The second delicate step is the relation

$$(2t-1)AM=MB.$$

Starting from

$$t=\frac{\cos\frac{\alpha+\theta}{2}} {2\cos\frac{\alpha-\theta}{2}},$$

one computes directly

$$2t-1 = \frac{\cos\frac{\alpha+\theta}{2} -\cos\frac{\alpha-\theta}{2}} {\cos\frac{\alpha-\theta}{2}} = \frac{\sin\frac{\alpha+\theta}{2}} {\sin\frac{\alpha-\theta}{2}}.$$

Multiplying by

$$AM=2\sin\frac{\alpha-\theta}{2}$$

gives exactly

$$MB=2\sin\frac{\alpha+\theta}{2}.$$

A sign error in the cosine-difference identity would reverse the conclusion, so this step must be checked carefully.

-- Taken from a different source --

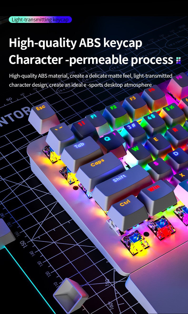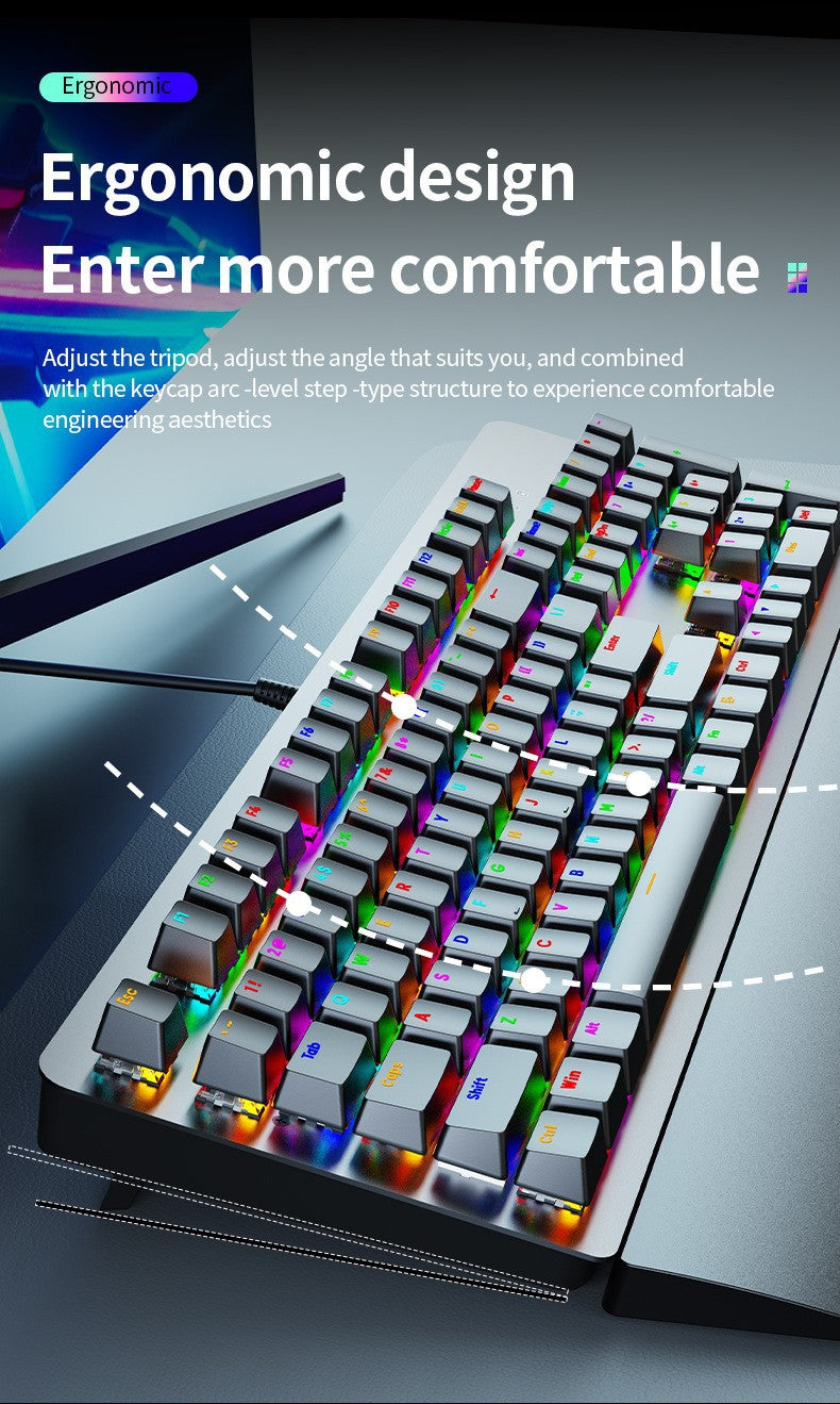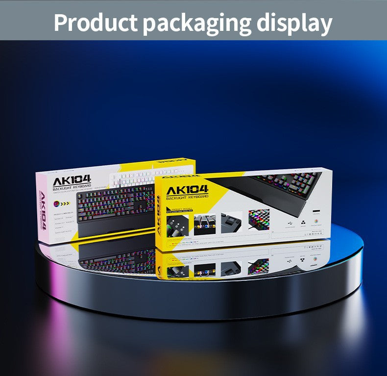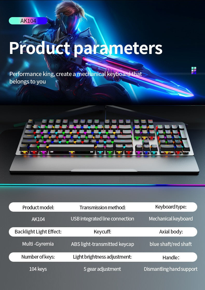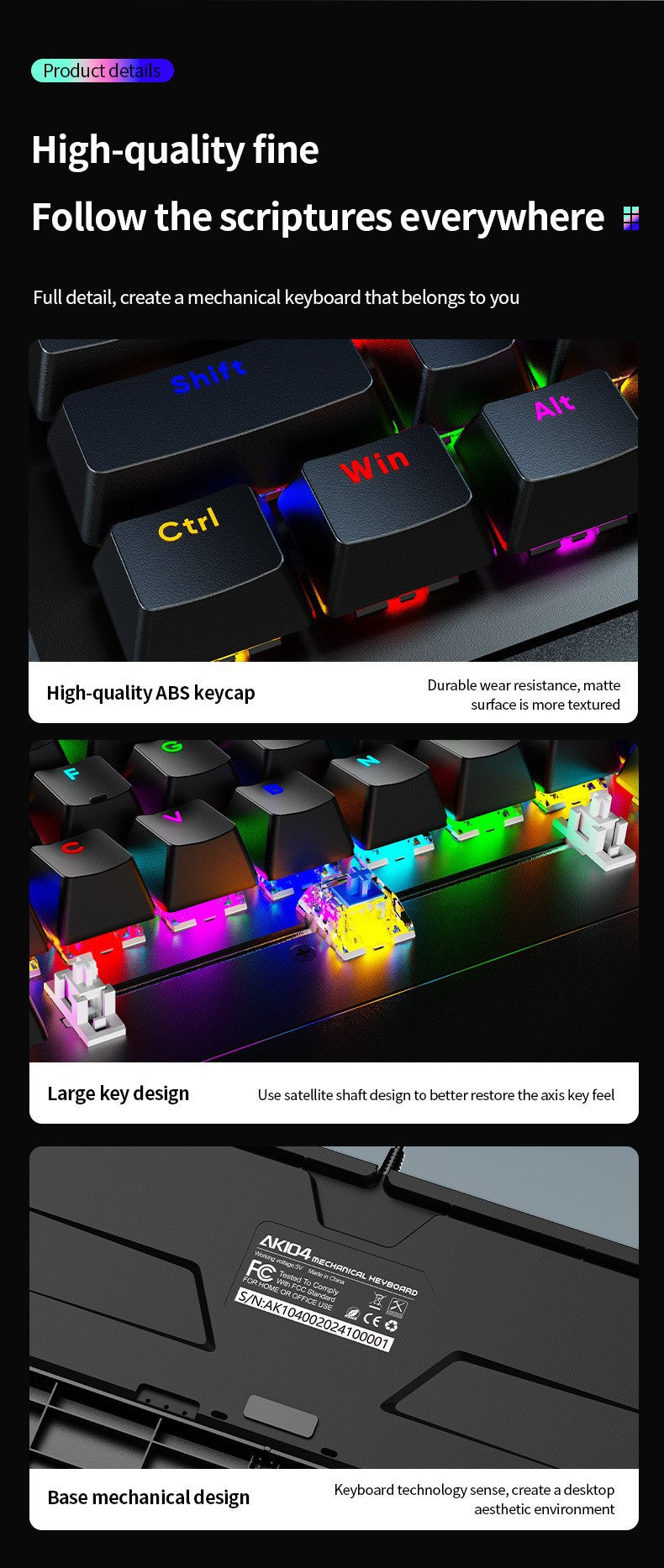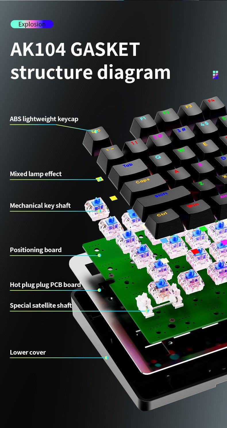 AK104 有線機械式鍵盤,可選配青軸、紅軸,具備 RGB 背光,適用於電競遊戲與辦公場景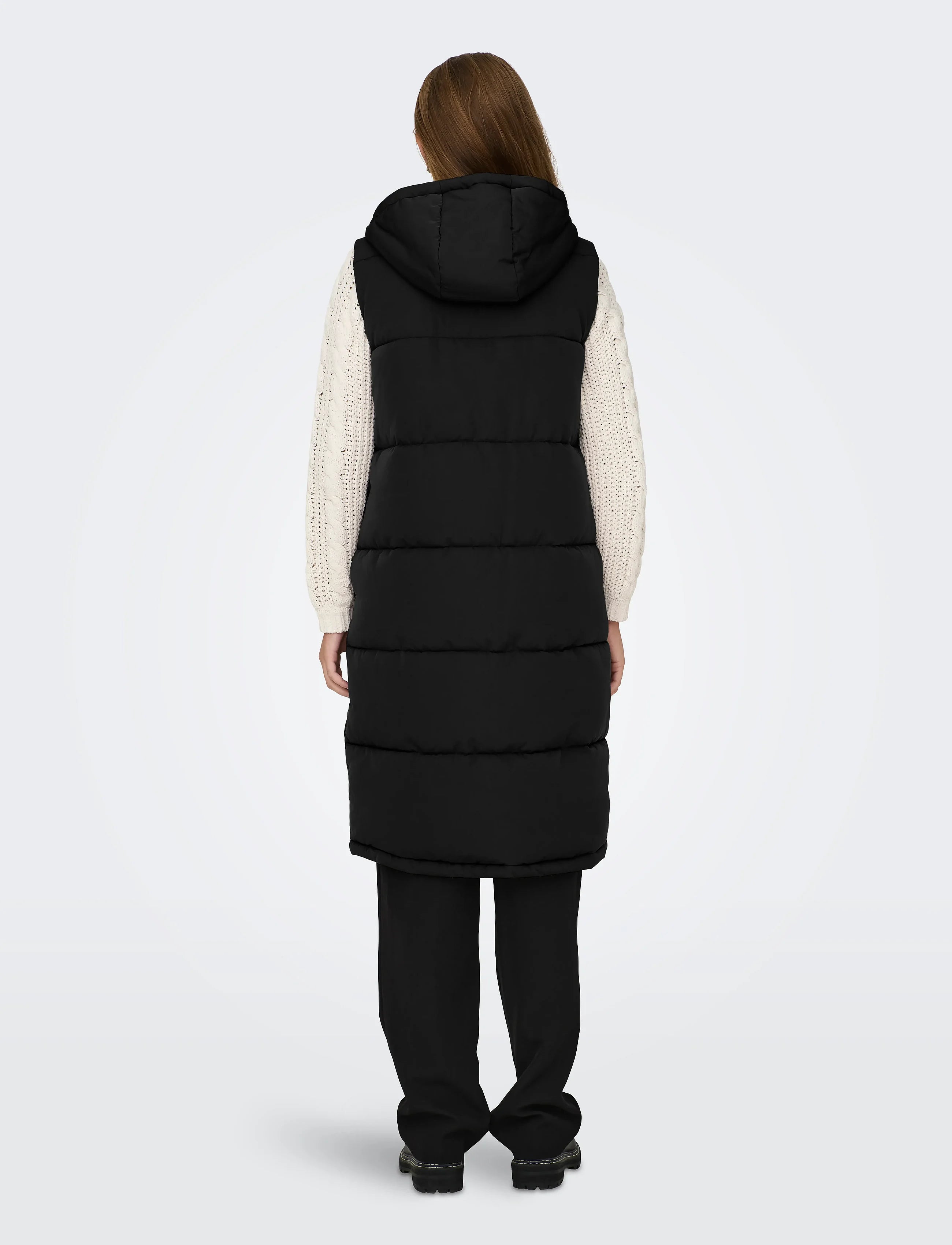 • Long, sleeveless vest

The third delicate point is the chord-length formula. For points on the unit circle with angular separation $\delta$,

$$\text{chord}=2\sin\frac{\delta}{2}.$$

Here the separations are $\alpha-\theta$ and $\alpha+\theta$, yielding the stated expressions for $AM$ and $MB$.

Alternative Approaches

A synthetic solution can be obtained by introducing the tangents at $A$ and $M$ and using classical relations between chords, projections, and equal arcs. The midpoint $K$ of the arc $AB$ has several equivalent characterizations: it lies on the internal bisector of $\angle AOB$, and the lines $KA$ and $KB$ make equal angles with the corresponding chords. By exploiting these angle relations and applying the sine rule in carefully chosen triangles, one can derive proportionalities equivalent to

$$AH-HM=MB.$$

Another approach uses affine coordinates along the line $AM$. One computes the projection of $K$ onto $AM$ through vector geometry and expresses the result directly in terms of the subtended central angles. This remains essentially geometric but avoids explicit Cartesian coordinates. The coordinate method presented above is preferable because the projection parameter $t$ emerges naturally from a single orthogonality equation and the remainder reduces to standard trigonometric identities.